Content starts
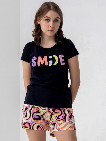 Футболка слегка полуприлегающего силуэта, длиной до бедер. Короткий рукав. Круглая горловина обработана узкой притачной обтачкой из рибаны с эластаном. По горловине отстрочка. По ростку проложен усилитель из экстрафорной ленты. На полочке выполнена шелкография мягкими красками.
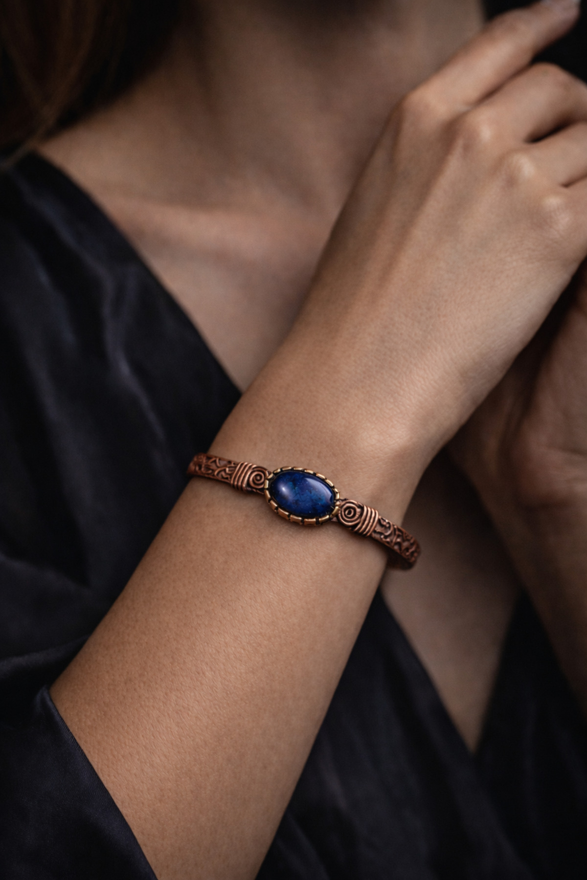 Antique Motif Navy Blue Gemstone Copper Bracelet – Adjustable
Content ends
Content starts
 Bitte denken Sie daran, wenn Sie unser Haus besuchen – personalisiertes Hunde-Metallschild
Content ends
Content starts
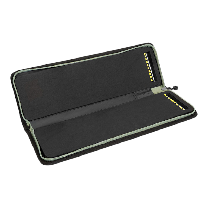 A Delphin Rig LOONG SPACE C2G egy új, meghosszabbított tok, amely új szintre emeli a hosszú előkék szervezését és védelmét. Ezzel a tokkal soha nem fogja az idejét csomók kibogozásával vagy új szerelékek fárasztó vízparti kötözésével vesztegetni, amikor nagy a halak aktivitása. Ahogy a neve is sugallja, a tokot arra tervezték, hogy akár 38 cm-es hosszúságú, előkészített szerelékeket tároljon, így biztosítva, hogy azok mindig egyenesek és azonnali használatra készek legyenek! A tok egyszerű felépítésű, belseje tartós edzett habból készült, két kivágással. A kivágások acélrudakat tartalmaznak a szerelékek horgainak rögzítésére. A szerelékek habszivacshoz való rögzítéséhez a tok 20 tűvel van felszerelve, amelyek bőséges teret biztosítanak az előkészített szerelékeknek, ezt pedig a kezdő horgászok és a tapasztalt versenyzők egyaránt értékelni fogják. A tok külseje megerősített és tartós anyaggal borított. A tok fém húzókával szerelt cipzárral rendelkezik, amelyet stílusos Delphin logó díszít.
Content ends
(TASK OBJECTIVE):
Within the material above, only the stretch from the line holding "Футболка слегка полуприлегающего" through the line holding "Antique Motif Navy" is to be restated exactly. Pictures are dropped.

(THE ANSWER):
 Футболка слегка полуприлегающего силуэта, длиной до бедер. Короткий рукав. Круглая горловина обработана узкой притачной обтачкой из рибаны с эластаном. По горловине отстрочка. По ростку проложен усилитель из экстрафорной ленты. На полочке выполнена шелкография мягкими красками.
 Antique Motif Navy Blue Gemstone Copper Bracelet – Adjustable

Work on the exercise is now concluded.